Let’s create a basic model of life expectancy, predicted by GDP per capita, year, and population. But let’s start with just Asia
# keep only countries within the continent of Asia
mod1_df <- df %>%
filter(continent == "Asia")
mod1 <- lm(lifeExp ~ year + pop100k + gdp1000, data = mod1_df)
# can summarise our model with the summary function
summary(mod1)##
## Call:
## lm(formula = lifeExp ~ year + pop100k + gdp1000, data = mod1_df)
##
## Residuals:
## Min 1Q Median 3Q Max
## -26.1852 -5.2575 0.4857 5.0062 17.9753
##
## Coefficients:
## Estimate Std. Error t value Pr(>|t|)
## (Intercept) -7.833e+02 4.829e+01 -16.221 < 2e-16 ***
## year 4.251e-01 2.442e-02 17.404 < 2e-16 ***
## pop100k 4.228e-06 2.039e-04 0.021 0.983
## gdp1000 2.510e-01 3.011e-02 8.336 1.31e-15 ***
## ---
## Signif. codes: 0 '***' 0.001 '**' 0.01 '*' 0.05 '.' 0.1 ' ' 1
##
## Residual standard error: 8.232 on 392 degrees of freedom
## Multiple R-squared: 0.5222, Adjusted R-squared: 0.5186
## F-statistic: 142.8 on 3 and 392 DF, p-value: < 2.2e-16
We see that year and gdpPercap is significant. We should also check for normality of residuals, heteroscedasticity, etc… Which we can do by just calling the plot function on our model
qq looks somewhat normal, residuals vs fitted look all right, not a lot of leverage points… alright we’re not being too picky here.

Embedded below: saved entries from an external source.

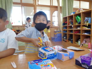 朝、保育園に来て荷物の整理が終わった子から、廃材遊びを楽しみました。
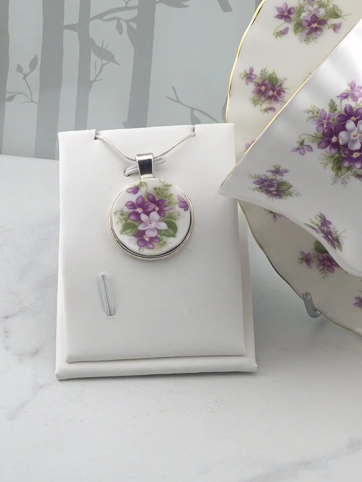 Each design is carefully cut from an original china plate, hand-shaped, and set into a silver-toned bezel. Because every section of the plate features slightly different pattern placement, no two pendants are ever exactly alike.
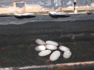 Silk cocoons are also made into light, warm comforters.  Double cocoons are selected and instead of finding an end to the thread and spinning it, each cocoon is stretched out over and over again.  Once the cocoon has been stretched out to resemble cobwebs it is laid down and more stretched cocoons laid one at a time over the top.  The result is a very light, but hopefully very warm doona (comforter, duvet).  I bought one but yet to use it.
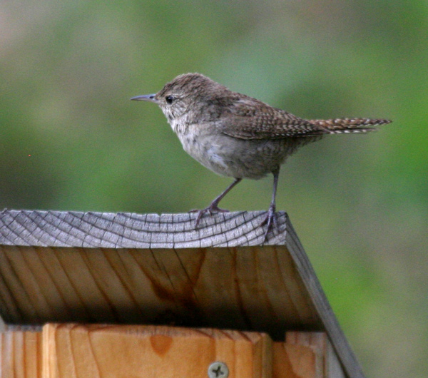 24-7728 House Wren on top of her nest box, yard in Evergreen, CO, 28 July
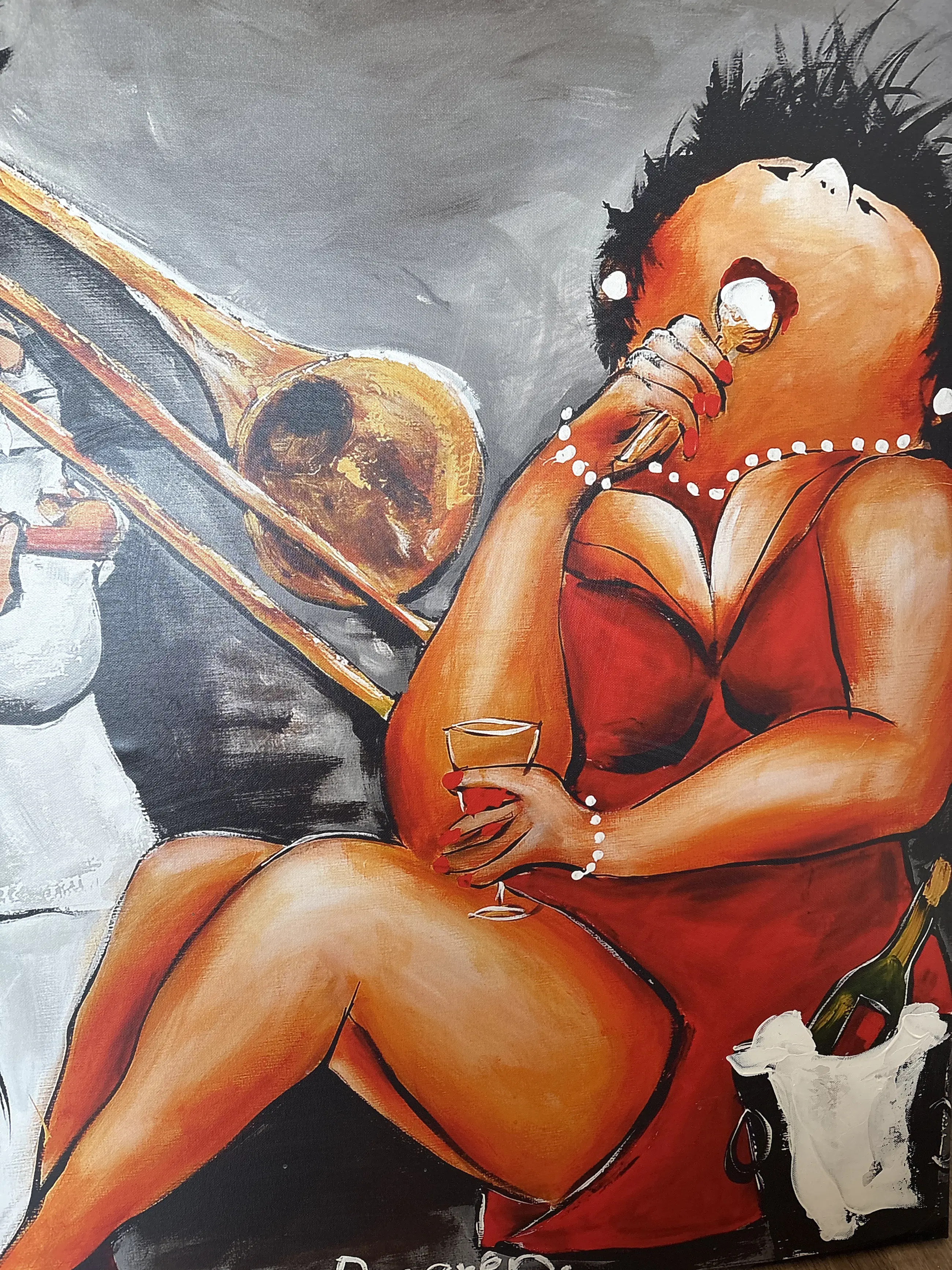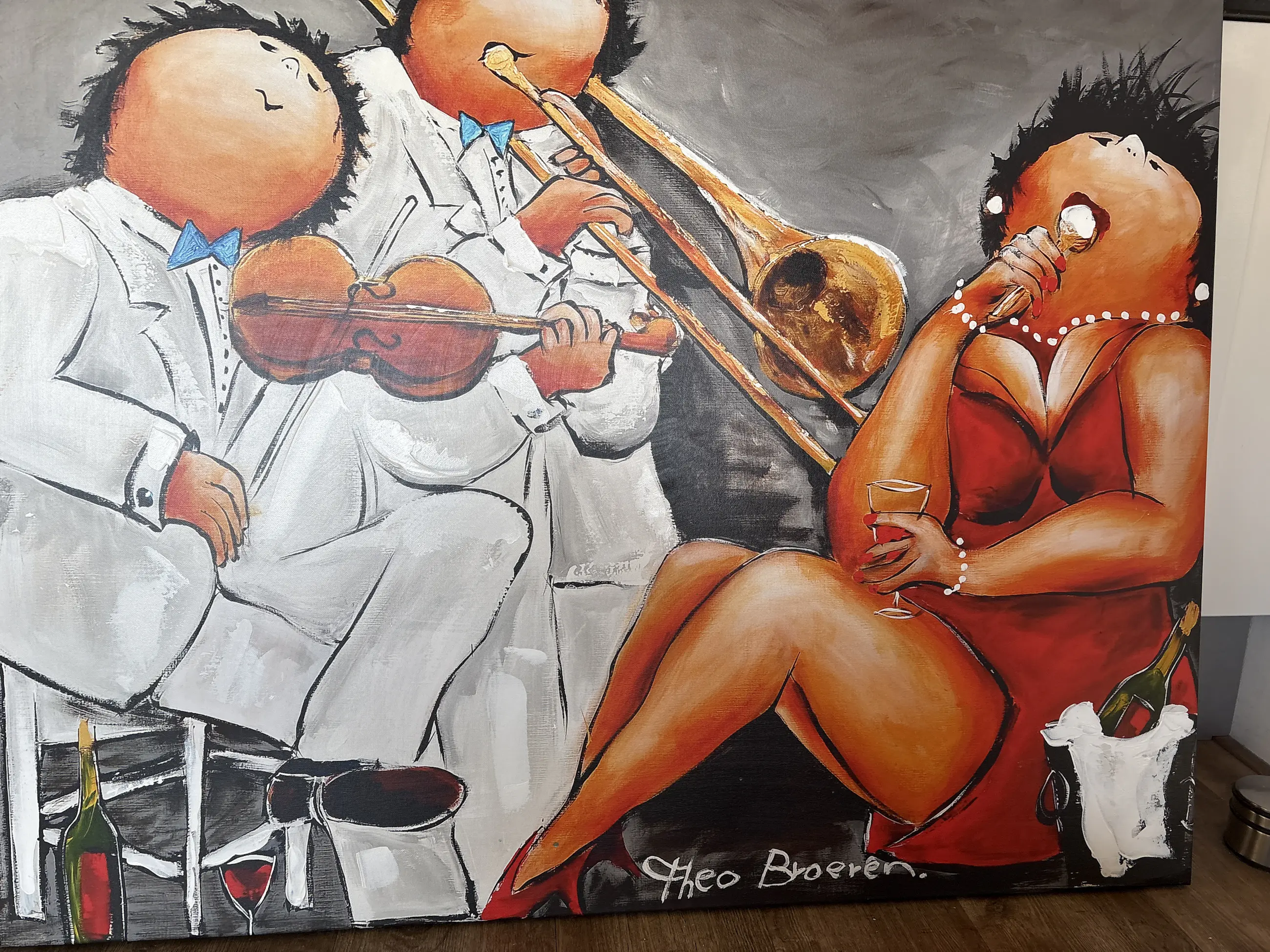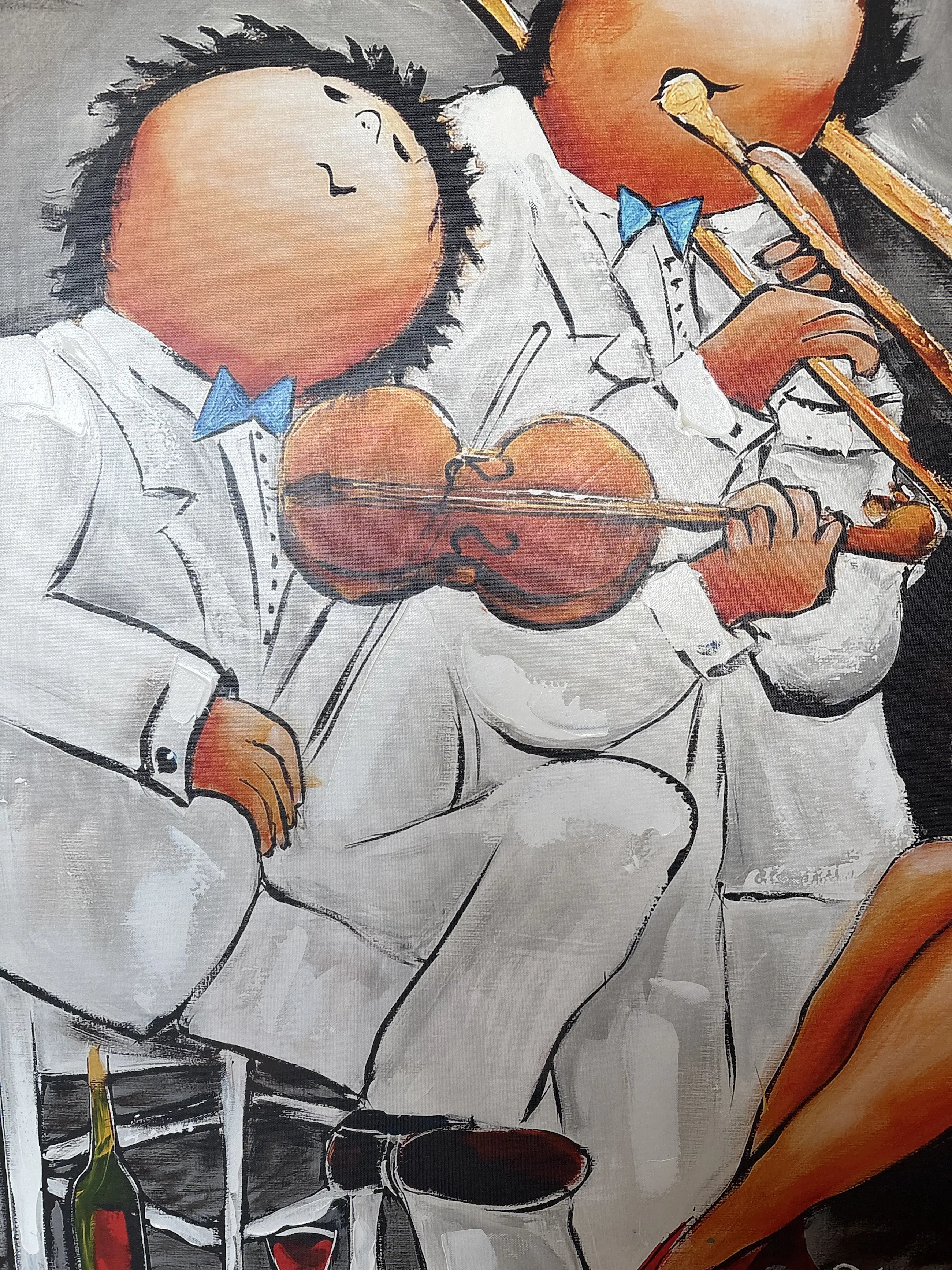 Theo Broeren - Glicée met Acryl op doek “ Muziek spelen “ (ZEER GROOT)

We can also look at component plus residual plots of our data to check linearity of our predictors with respect to the outcome (this is only useful for a multivariate linear model)
## Loading required package: carData
## Registered S3 methods overwritten by 'car':
## method from
## influence.merMod lme4
## cooks.distance.influence.merMod lme4
## dfbeta.influence.merMod lme4
## dfbetas.influence.merMod lme4
##
## Attaching package: 'car'
## The following object is masked from 'package:dplyr':
##
## recode
## The following object is masked from 'package:purrr':
##
## some
Here we can see that `gdpPercap is not necessarily linear, and population might stray from linear as well. We might want to amend this in our model. However population by itself wasn’t significant, so we’ll remove that from our model
mod2 <- lm(lifeExp ~ year + gdp1000 + I(gdp1000**2) + pop100k, data = mod1_df)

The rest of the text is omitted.